The C++ fast path has support for const args starting with jaxlib 0.7.1.
In prior versions, the fast path is disabled when there are const args.

To implement this scheme, we keep the `const_args` in
`stages.Lowering`, `stages.Lowered`, and `stages.CompiledCallParams`.

Interestingly, when we serialize an executable, e.g., for the compilation
cache, we do not need to serialize the closed over constants.

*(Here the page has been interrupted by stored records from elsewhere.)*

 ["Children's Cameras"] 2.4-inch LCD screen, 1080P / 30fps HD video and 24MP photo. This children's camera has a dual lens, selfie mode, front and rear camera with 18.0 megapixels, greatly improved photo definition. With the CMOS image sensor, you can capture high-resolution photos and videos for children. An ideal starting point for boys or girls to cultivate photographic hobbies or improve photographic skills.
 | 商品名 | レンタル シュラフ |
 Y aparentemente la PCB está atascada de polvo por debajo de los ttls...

The executable
itself does not contain them, and needs to take them as const args.
Whoever is going to deserialize the cached executable will have to pass
the const args.

In AOT mode, the lowering and execution may
use different values of the `jax_enable_x64` configuration value.
If the constants are 64-bit `ndarray` we must use the same value
of `jax_enable_x64` for lowering and execution.

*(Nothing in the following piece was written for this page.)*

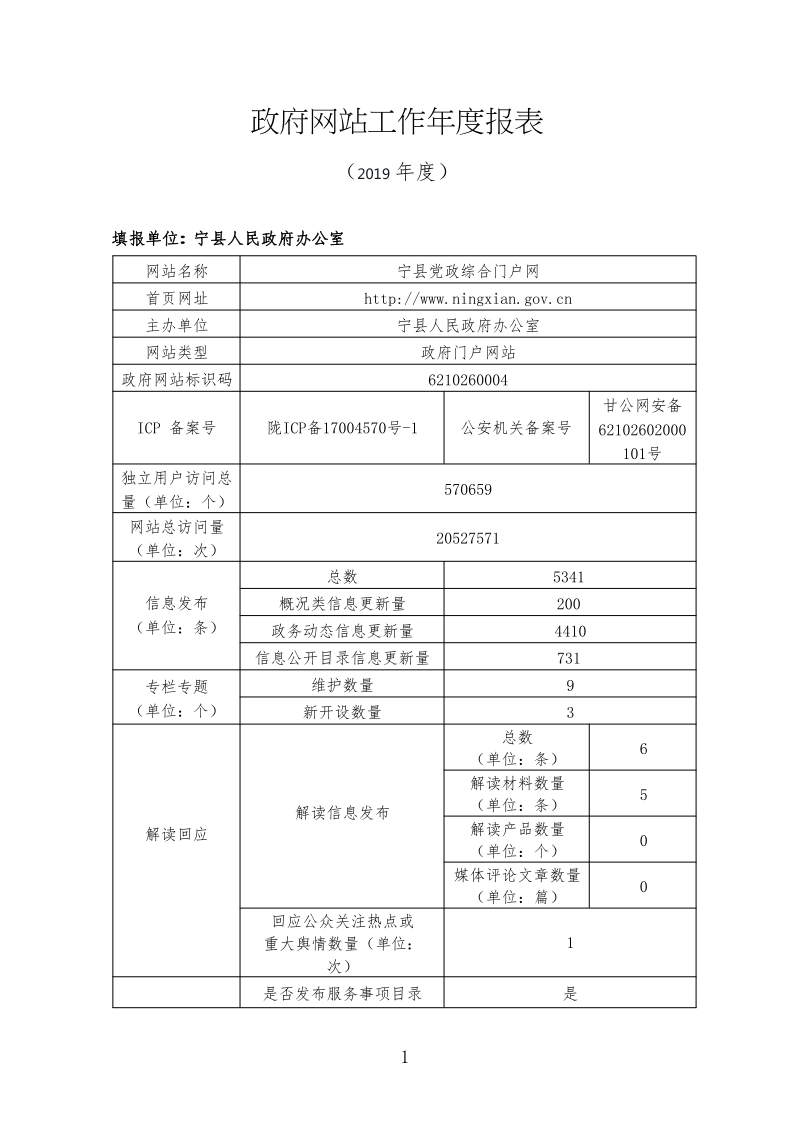 索引号: xzf-2020-01-16-00005 发布机构: 宁县政府 生效日期: 2020-01-16 废止日期: 文 号: 所属主题: 政府网站工作年度报表 2019年宁县政府网站工作年度报表 来源: 发布时间:2020-01-16 浏览次数: 次 【字体:小 大】 【打印正文】 分享到: 【字体:小 大】
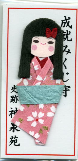 神泉苑・成就みくじ守(恋みくじ)¥300 義経と静の出会いにちなんだおみくじ付きお守り。かわいい紙人形は柄違いでいろんな種類があります。おみくじは愛情運や縁談のアドバイスのほか、相性のいい星座や血液型なんかも書かれていて、若い女の子向けのポップな内容になってます。 |

## Previous implementation

This describes the current way we handle closed-over constants, as
of July 2025 (as long as `JAX_USE_SIMPLIFIED_CONSTANTS=False`).

When JAX traces a function to a `Jaxpr` it collects the closed-over values
into a set of constants, and adds a corresponding set of `constvars` to the Jaxpr
(the actual arguments are represented by `invars`).
Most tracing functions, e.g., `trace_to_jaxpr_dynamic`,
return both the `Jaxpr` and the constants.

In many places in the code we use a class `core.ClosedJaxpr` that contains a
`Jaxpr` and `consts` corresponding to the `Jaxpr.constvars`.

There are several issues with `ClosedJaxpr`:

  * the lowering of the `consts` in `ClosedJaxpr` results in inlined
    `stablehlo.constant`, with all the issues described above.
  * `Jaxpr` and `ClosedJaxpr` are used pervasively in JAX, often with the
    generic name `jaxpr` and it is not easy to tell which kind of `Jaxpr` we have.
    We have started to add type declarations, but in some places the code
    is written with `isinstance` conditionals to work with both.
  * Since Jaxpr and ClosedJaxpr are sometimes used as caching keys,
    and they are hashed by `id`, we would like to memoize their construction.
    For example, the function [pe.closed_jaxpr](https://github.com/jax-ml/jax/blob/0956da1466d03af81b24d16554f30f2ff8163346/jax/_src/interpreters/partial_eval.py#L1570)
    memoizes the construction of `ClosedJaxpr` but only for the case when consts is empty.
    This is because sometimes consts are not hashable.
  * Handling the constants in ClosedJaxpr requires some extra care.
    E.g., there are places in the Mosaic lowering where we have not yet implemented
    the handling of ClosedJaxpr with non-empty constants
    (e.g. [here](https://github.com/jax-ml/jax/blob/7d924e8f72fd84fb2305f0a1683ae081f171602f/jax/_src/pallas/mosaic/lowering.py#L3115)).
  * When we turn closed-over constants into inputs we have to be careful
    during transformations with how we handle these auxiliary inputs.